## [Work order]
Give an exact copy of the data that follows, but none of its pictures.

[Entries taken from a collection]
--- START ---

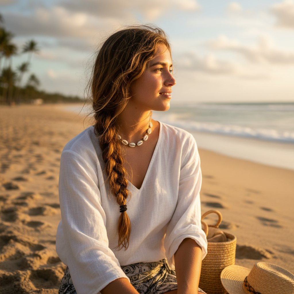 A loose side braid is effortlessly chic and practical, keeping your hair tangle-free while you enjoy the shore.
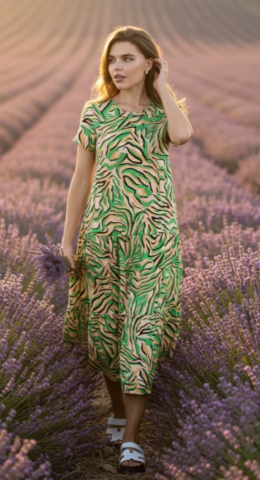 Платье из трикотажного полотна «кулирка» с набивным рисунком, с короткими втачными рукавами, горловиной фигурной формы (сзади V- образная, спереди – овальная), с двумя завязывающимися концам, являющимися продолжением окантовки горловины переда. Юбка – широкая отрезная по линии бедер из двух ярусов, верхний срез присборен.
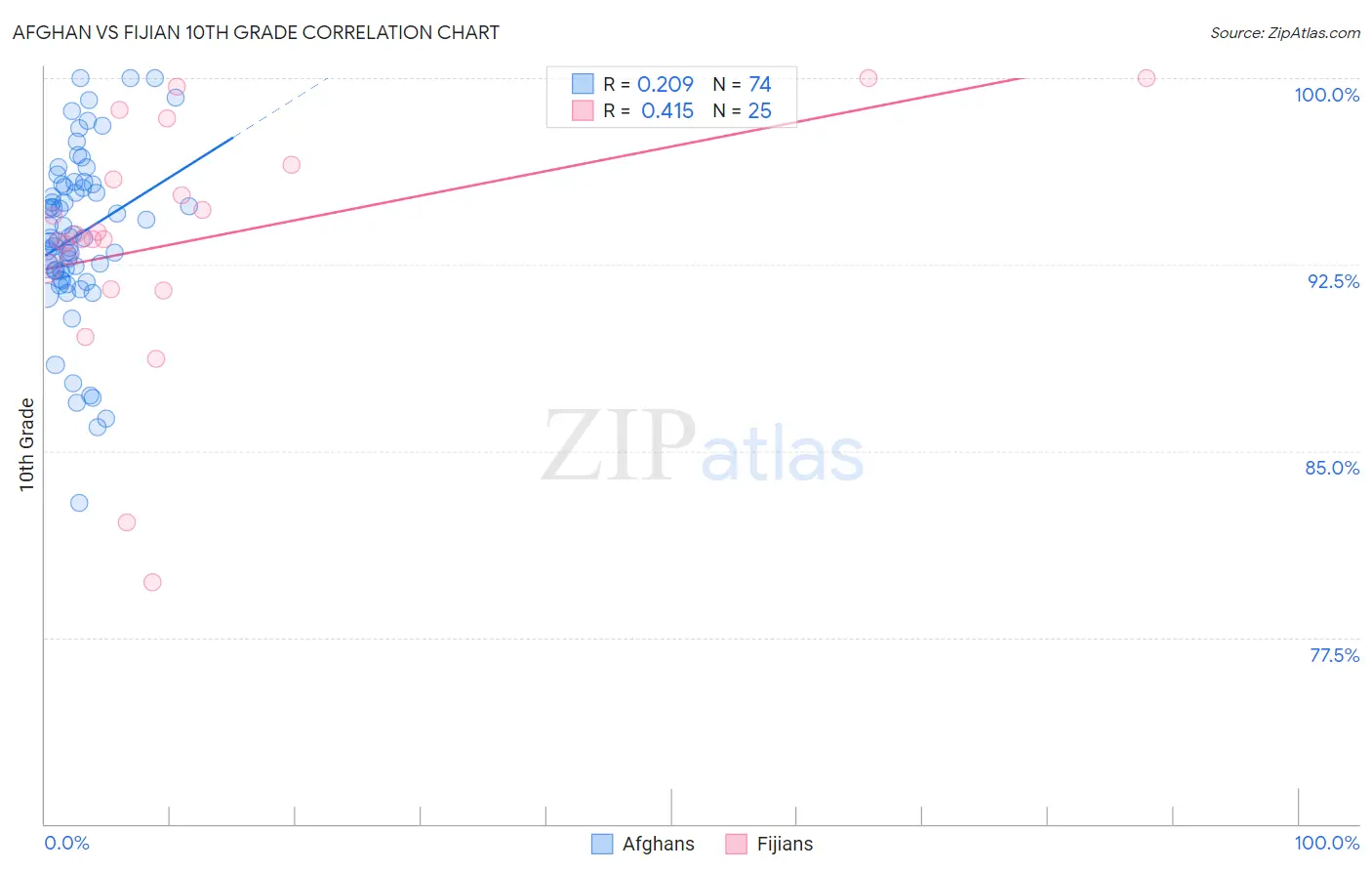 The statistical analysis conducted on geographies consisting of 148,851,685 people shows a weak positive correlation between the proportion of Afghans and percentage of population with at least 10th grade education in the United States with a correlation coefficient (R) of 0.209 and weighted average of 93.1%. Similarly, the statistical analysis conducted on geographies consisting of 55,948,842 people shows a moderate positive correlation between the proportion of Fijians and percentage of population with at least 10th grade education in the United States with a correlation coefficient (R) of 0.415 and weighted average of 91.5%, a difference of 1.7%.
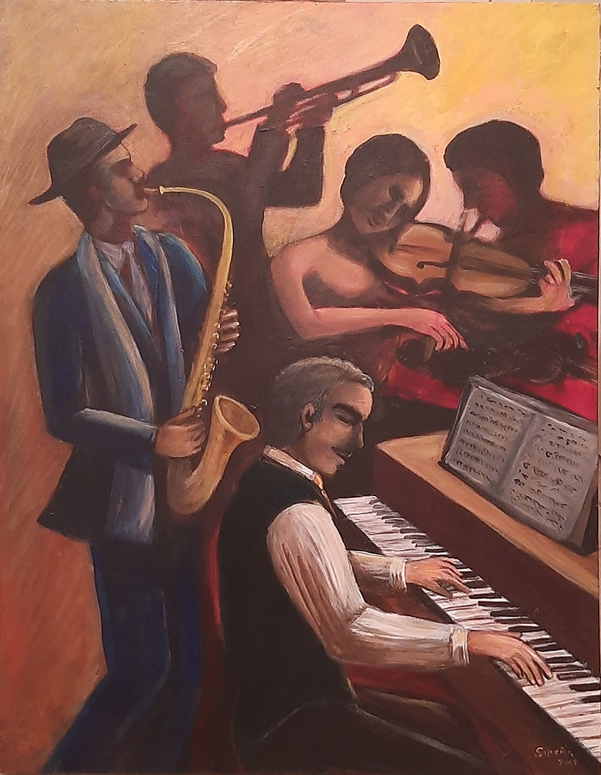 | Original Oil Painting ,Jazz Quinteto size 30x40 |
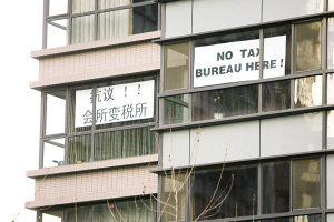 貼標語抗議“稅所入駐”
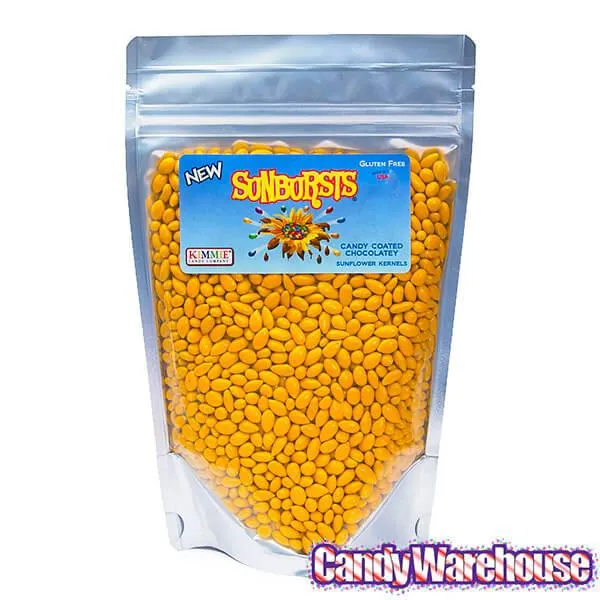 Bag contains 1 pound of Yellow Sunbursts Chocolate Covered Sunflower Seeds Candy.
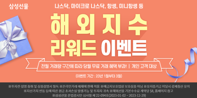 삼성선물은 해외선물 투자자를 대상으로 3가지 종류의 새로운 이벤트를 진행한다고 4일 밝혔다.회사 측은 이번 이벤트와 관련 "PTP 과세 문제에 대한 투자대안으로 해외선물 직접투자를 제안하는 것"이라면서 "투자자들이 보다 쉽게 해외선물시장에 접근할 수 있도록 저렴한 수수료와 혜택을 제공하고자 한다"고 밝혔다.해외선물은 레버리지가 커서 투자위험이 높다고 생각할 수 있으나 증거금을 충분히 넣고 거래하면 2배나 3배 ETF와 동일한 효과를 얻을 수 있어 ETF 과세에 대한 대안으로 충분히 고려할 만하다는 게 회사 측 설명이다.금번 이벤트는 3가지 종류로 투자자들의 니즈에 따라 선택하면 되며, 중복 신청이 가능하다.첫번째 이벤트는 신규고객 대상이며, 나스닥, 항셍 등 해외지수 종목 거래시 매월 종목에 따라 10계약에서 100계약까지 무료수수료를 제공하고, 수수료는 CME(시카고상품거래소) 지수종목은 2달러, CME 지수 외 상품은 2.5달러, 홍콩거래소 지수종목은 30홍콩달러로 할인된 수수료 혜택이 제공된다.혜택기간은 6월까지이며, 생애 최초 신규고객은 계좌개설시 스타벅스 아이스아메리카노 1잔, 첫 거래시 신세계 상품권 2만원도 제공된다.또한 신규고객의 경우 CME 원자재 상품을 1월에 거래하고, 2월에도 거래하면 주유상품권 2만원을 제공한다.신규 및 기존고객 여부와 상관없이 삼성선물에 계좌가 있는 고객 누구나 전월 거래실적에 따라 일정 수준의 무료 수수료가 다음달에 제공된다.
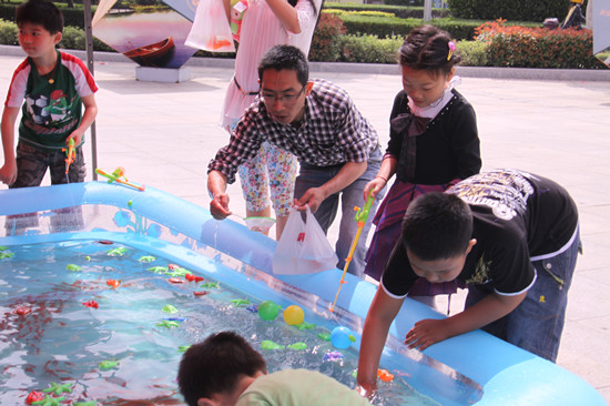 上午九点,亲子垂钓活动正式开始了。广场上,工作人员早已为大家准备好了遮阳棚和装满金鱼的蓝色大池子。小朋友们在看到金鱼后,拍着手又叫又跳,兴奋不已。只见爸爸妈妈们领着他们的小宝宝,撸起袖子,一手拿着小网兜,一手拿着小钓竿,看这架势,是要大显身手啊。

--- END ---

## [Expected output]
 A loose side braid is effortlessly chic and practical, keeping your hair tangle-free while you enjoy the shore.
 Платье из трикотажного полотна «кулирка» с набивным рисунком, с короткими втачными рукавами, горловиной фигурной формы (сзади V- образная, спереди – овальная), с двумя завязывающимися концам, являющимися продолжением окантовки горловины переда. Юбка – широкая отрезная по линии бедер из двух ярусов, верхний срез присборен.
 The statistical analysis conducted on geographies consisting of 148,851,685 people shows a weak positive correlation between the proportion of Afghans and percentage of population with at least 10th grade education in the United States with a correlation coefficient (R) of 0.209 and weighted average of 93.1%. Similarly, the statistical analysis conducted on geographies consisting of 55,948,842 people shows a moderate positive correlation between the proportion of Fijians and percentage of population with at least 10th grade education in the United States with a correlation coefficient (R) of 0.415 and weighted average of 91.5%, a difference of 1.7%.
 | Original Oil Painting ,Jazz Quinteto size 30x40 |
 貼標語抗議“稅所入駐”
 Bag contains 1 pound of Yellow Sunbursts Chocolate Covered Sunflower Seeds Candy.
 삼성선물은 해외선물 투자자를 대상으로 3가지 종류의 새로운 이벤트를 진행한다고 4일 밝혔다.회사 측은 이번 이벤트와 관련 "PTP 과세 문제에 대한 투자대안으로 해외선물 직접투자를 제안하는 것"이라면서 "투자자들이 보다 쉽게 해외선물시장에 접근할 수 있도록 저렴한 수수료와 혜택을 제공하고자 한다"고 밝혔다.해외선물은 레버리지가 커서 투자위험이 높다고 생각할 수 있으나 증거금을 충분히 넣고 거래하면 2배나 3배 ETF와 동일한 효과를 얻을 수 있어 ETF 과세에 대한 대안으로 충분히 고려할 만하다는 게 회사 측 설명이다.금번 이벤트는 3가지 종류로 투자자들의 니즈에 따라 선택하면 되며, 중복 신청이 가능하다.첫번째 이벤트는 신규고객 대상이며, 나스닥, 항셍 등 해외지수 종목 거래시 매월 종목에 따라 10계약에서 100계약까지 무료수수료를 제공하고, 수수료는 CME(시카고상품거래소) 지수종목은 2달러, CME 지수 외 상품은 2.5달러, 홍콩거래소 지수종목은 30홍콩달러로 할인된 수수료 혜택이 제공된다.혜택기간은 6월까지이며, 생애 최초 신규고객은 계좌개설시 스타벅스 아이스아메리카노 1잔, 첫 거래시 신세계 상품권 2만원도 제공된다.또한 신규고객의 경우 CME 원자재 상품을 1월에 거래하고, 2월에도 거래하면 주유상품권 2만원을 제공한다.신규 및 기존고객 여부와 상관없이 삼성선물에 계좌가 있는 고객 누구나 전월 거래실적에 따라 일정 수준의 무료 수수료가 다음달에 제공된다.
 上午九点,亲子垂钓活动正式开始了。广场上,工作人员早已为大家准备好了遮阳棚和装满金鱼的蓝色大池子。小朋友们在看到金鱼后,拍着手又叫又跳,兴奋不已。只见爸爸妈妈们领着他们的小宝宝,撸起袖子,一手拿着小网兜,一手拿着小钓竿,看这架势,是要大显身手啊。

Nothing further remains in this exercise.